Records for the task >>
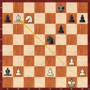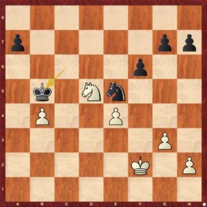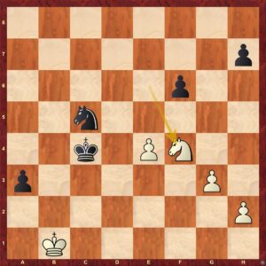 Tato pozice je pouze potvrzením předchozích komentářů. Černá stojí na výhru. Vzpomene-li si čtenář našeho webu na pravidlo Ivana Hausnera (viz. minulé články), pak můžeme konstatovat: Černá má ... lepšího krále, lepší pěšce a řekl bych i lepší figurky (Je5 je excelentní, Jd5 pálí do prázdna) ... 3-0 pro černou a vyhraná pozice.
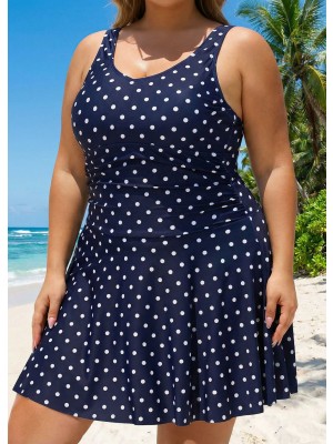 Classic polka dot two piece swimsuit with ruched Vneck top featuring removable pads and tummycontrol midrise boyshorts.A flattering,affordable choice for plus size bathing costumes and swimwear for curvy ladies.
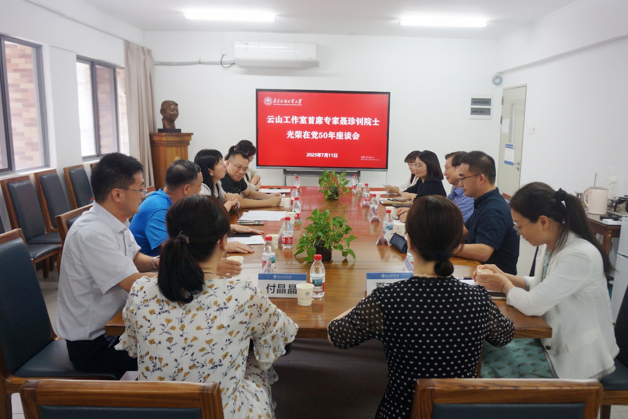 本网讯 7月11日下午,英文学院在白云山校区一教446会议室召开云山工作室首席专家聂珍钊院士“光荣在党50年”座谈会,气氛庄重而热烈。校党委副书记葛小月为聂珍钊佩戴“光荣在党50年”纪念章,与英文学院领导班子成员、党员代表共同向聂珍钊院士致以崇高敬意,传承老党员的忠诚与担当。会议由英文学院党委书记纪彬主持。
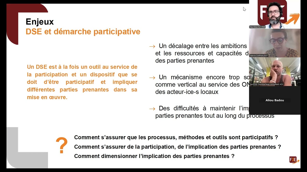 Cette rencontre était consacrée à la participation dans les démarches Suivi, Évaluation, Recevabilité et Apprentissage (SERA).
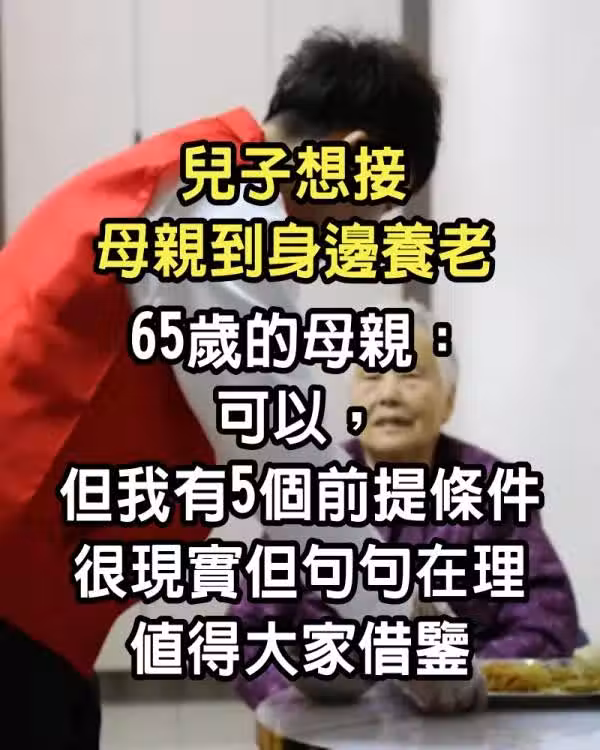 兒子想接母親到身邊養老,65歲的母親:可以但我有5個前提條件,很現實但句句在理,值得大家借鑒!
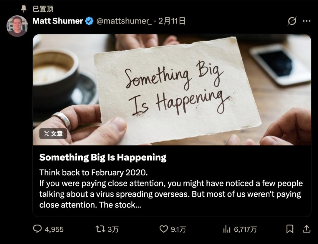 AI技术发展的现状与认知 - 科技行业内部人士,特别是AI研发人员,正经历普遍的生存焦虑,认为2026年将是人类历史的关键转折点[4][13] - 圈外公众对AI的认知严重滞后,仍停留在早期版本(如2023/2024年的ChatGPT)或糟糕的用户体验上,与行业内部的深刻认知形成巨大鸿沟[8][9][27] - 一篇题为《大事正在发生》的文章在24小时内获得超过2000万阅读量,反映了行业内部试图向外界传达紧迫信息的努力[9] AI能力呈现指数级突破 - 2026年2月5日,OpenAI的GPT-5.3 Codex和Anthropic的Claude Opus 4.6同日发布,标志着AI能力出现断层式提升[15] - 当前最先进的AI已能完成复杂任务:用户用自然语言描述需求后,AI可独立完成数万行代码的编写、自我测试、迭代修改,并交付近乎完美的成品[15][16] - AI开始展现出曾被认为人类独有的“判断力”和“品位”,具备了某种形式的主体性,而不再是被动的工具[16][17] - AI自主完成任务的能力(以人类专家耗时衡量)从一年前的约十分钟,提升至近五小时,且该能力大约每七个月翻一倍,近期可能加速至每四个月翻一倍[18] - Anthropic的CEO预测,在2026或2027年,AI模型将在几乎所有任务上比几乎所有人类“聪明得多”[18] 递归自我提升与“智能爆炸” - OpenAI披露,GPT-5.3 Codex是其首个在自身创建过程中发挥关键作用的模型,即AI帮助构建了它自己[22][23] - Anthropic公司“大部分代码”已由AI编写,当前一代与下一代AI之间的反馈循环正“逐月积聚力量”,距离“AI自主构建下一代AI”可能只有一到两年[24] - 行业核心人物(如xAI联合创始人、Anthropic CEO)均认为“递归式自我提升循环”很可能在未来12个月内上线,这将开启“智能爆炸”:每一代更聪明的AI以更快的速度构建下一代[4][24] AI对白领工作的替代已经开始 - AI针对的是认知劳动的全面替代,未来1到5年内,预计将取代50%的初级白领工作,且这一预测在业内可能被视为保守[33] - 多个专业领域已受到直接影响:法律(合同审阅、判例调研)、金融(模型构建、研报撰写)、医疗(读片诊断)、编程(项目开发)等[34][35][36][37] - 变革的时间表不是“将来”,而是“已经开始”,许多行业的资深从业者(如律所合伙人)已开始深度使用AI,并预见其将很快完成自身大部分工作[29][38] 个人与企业的应对策略 - 必须开始认真使用AI:订阅最强的付费模型,避免用落后的免费版评判技术上限[39] - 改变使用方式:将AI深度嵌入实际工作流程,处理复杂、完整的任务(如审阅完整合同、分析季度数据),而非进行简单问答[39] - 保持实验与学习:每天花一小时尝试让AI完成一项新的、不确定能否处理的任务,坚持半年将对未来有远超他人的理解[40] - 调整财务与职业规划:建立财务缓冲,谨慎承担长期债务;放下专业自尊,积极拥抱工具;培养下一代成为适应力强、能利用AI的创造者,而非为可能消失的职业做准备[40] - 认识到机会:AI将知识和创造的门槛降至近乎为零,为拥有热情和好奇心的普通人提供了前所未有的杠杆,能释放远超传统团队的能量[43] 时代的分水岭与能力再分配 - 2026年被视为一个分界线,旧世界的游戏规则正在结束,人类历史上最大的能力再分配正在发生[43][44] - 未来呈现“K型分化”:理解并驾驭趋势的人将进入一个“拥有神力”的时代;对此视而不见的人将面临逐渐被边缘化的风险[9][42][44] - 变革的规模被认为将远超新冠疫情,但公众普遍处于“这未免太夸张了吧”的认知阶段,类似于2020年2月疫情爆发前夕[11]

What this task involves >> Look above for the line with "本网讯 7月11日下午,英文" and the line with "兒子想接母親到身邊養老,65". Copy them and every line between, exactly, but no pictures.

Solved exercise >>
 本网讯 7月11日下午,英文学院在白云山校区一教446会议室召开云山工作室首席专家聂珍钊院士“光荣在党50年”座谈会,气氛庄重而热烈。校党委副书记葛小月为聂珍钊佩戴“光荣在党50年”纪念章,与英文学院领导班子成员、党员代表共同向聂珍钊院士致以崇高敬意,传承老党员的忠诚与担当。会议由英文学院党委书记纪彬主持。
 Cette rencontre était consacrée à la participation dans les démarches Suivi, Évaluation, Recevabilité et Apprentissage (SERA).
 兒子想接母親到身邊養老,65歲的母親:可以但我有5個前提條件,很現實但句句在理,值得大家借鑒!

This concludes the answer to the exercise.